» **DATA EXCERPT**:
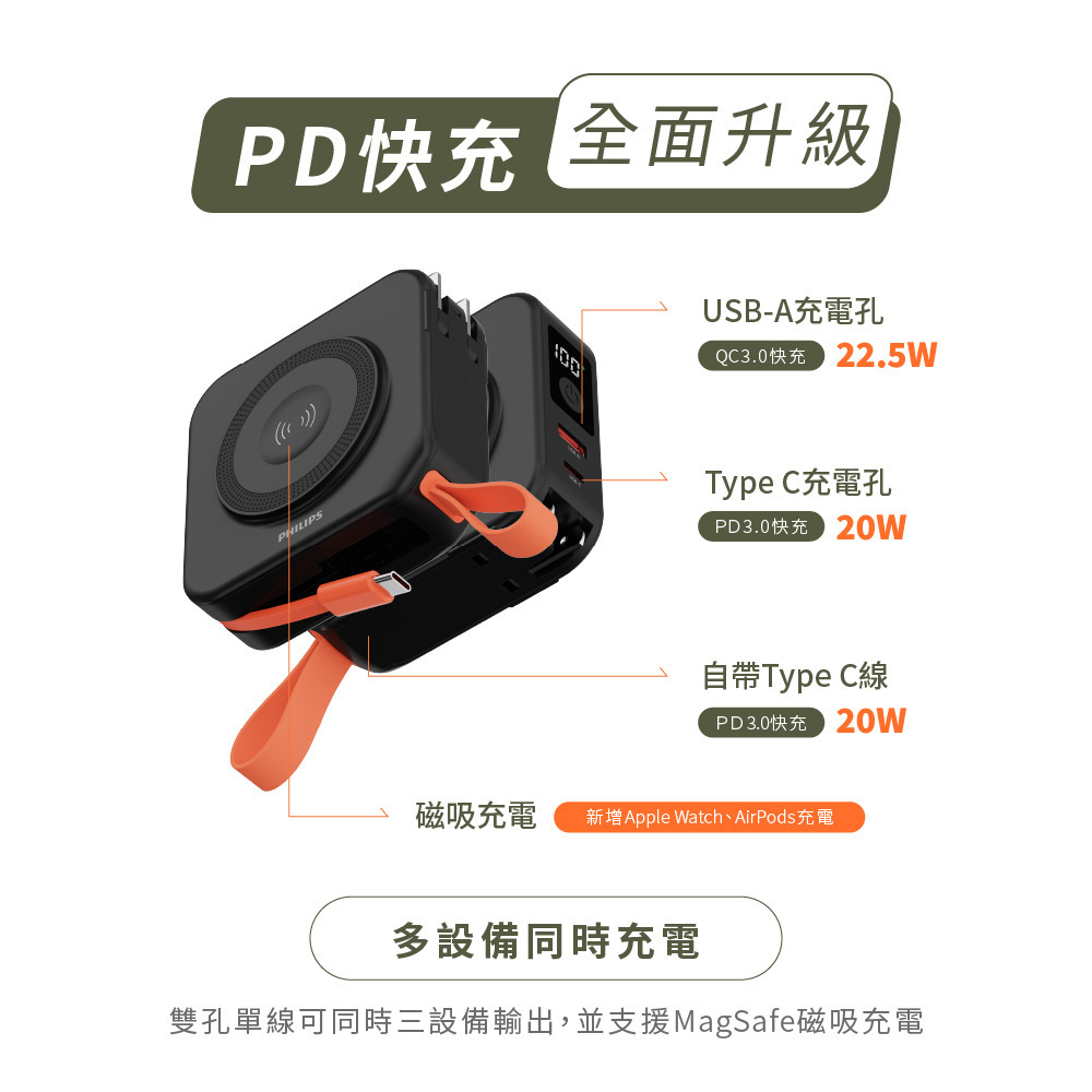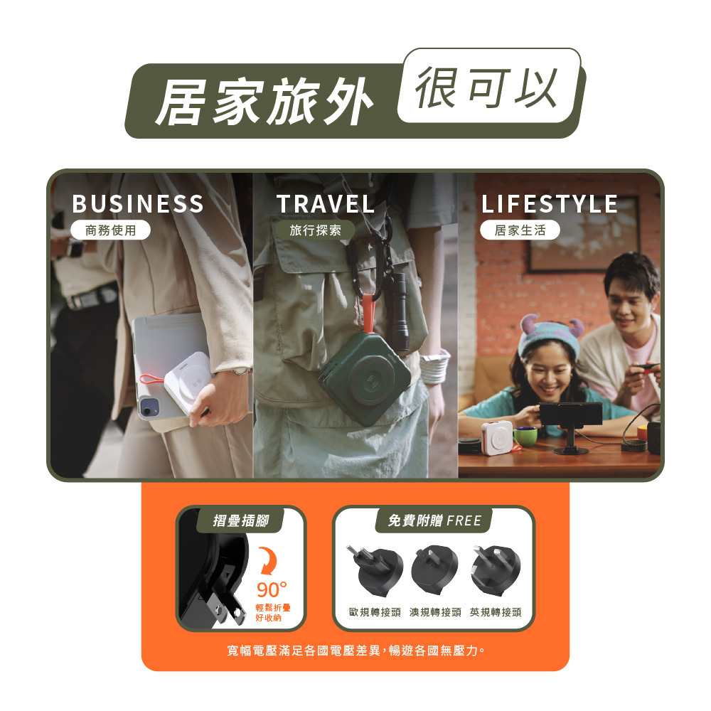 ● 自帶AC插座、便利提把、橫置手機支架、USB-C to Light
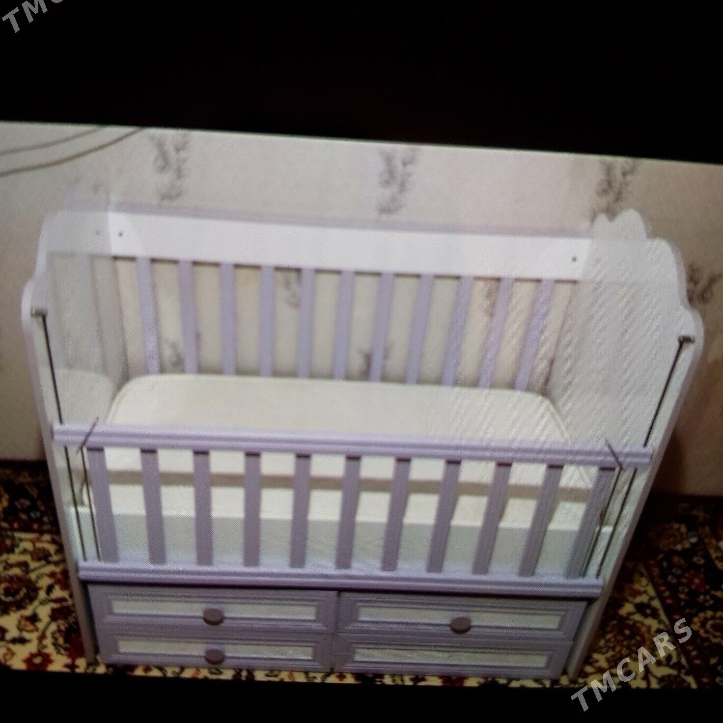 3 sag öňДетская кроватка -люлька, качается. 4 шкафчика снизу на одном шкафчике...
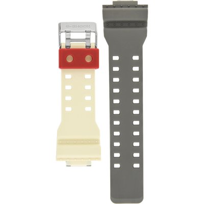Ce bracelet de montre G-Shockest fait de résine et est attaché à la montre au moyen de Épingles à ressort. Le bracelet a une taille de 29 mm et se ferme au moyen d'un boucle. Le bracelet n'a pas de support droit, ce qui signifie que ce bracelet convient uniquement aux montres énumérées ci-dessous.
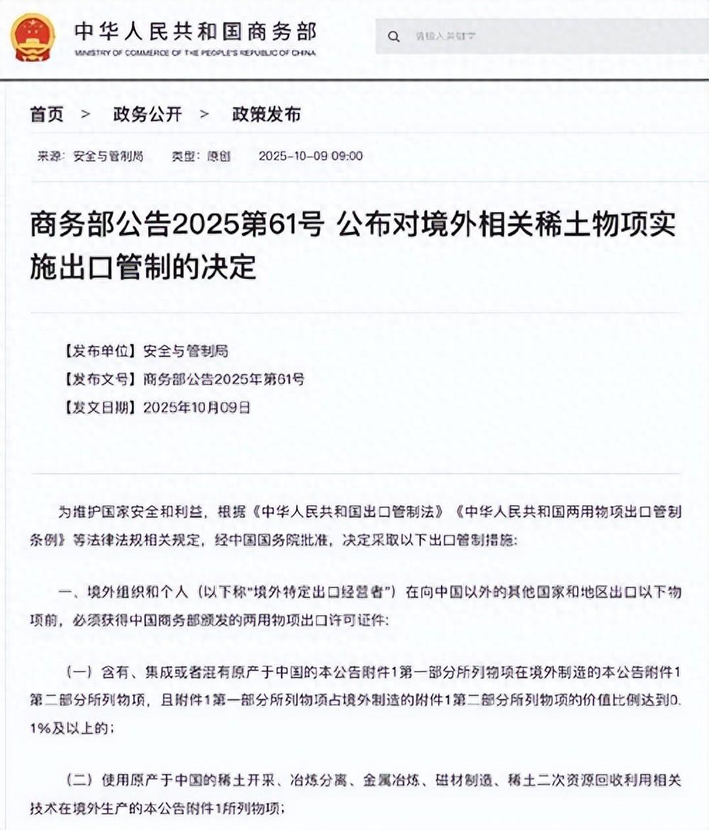 2025年10月9日,中國商務部和安全與管制局聯手發了張紙,名叫第61號公告,對部分稀土元素實施出口管制。

» **PROBLEM TO SOLVE**:
Would you reproduce the listing above in full and exactly, without its pictures?

» **YOUR SOLUTION**:
 ● 自帶AC插座、便利提把、橫置手機支架、USB-C to Light
 3 sag öňДетская кроватка -люлька, качается. 4 шкафчика снизу на одном шкафчике...
Ce bracelet de montre G-Shockest fait de résine et est attaché à la montre au moyen de Épingles à ressort. Le bracelet a une taille de 29 mm et se ferme au moyen d'un boucle. Le bracelet n'a pas de support droit, ce qui signifie que ce bracelet convient uniquement aux montres énumérées ci-dessous.
 2025年10月9日,中國商務部和安全與管制局聯手發了張紙,名叫第61號公告,對部分稀土元素實施出口管制。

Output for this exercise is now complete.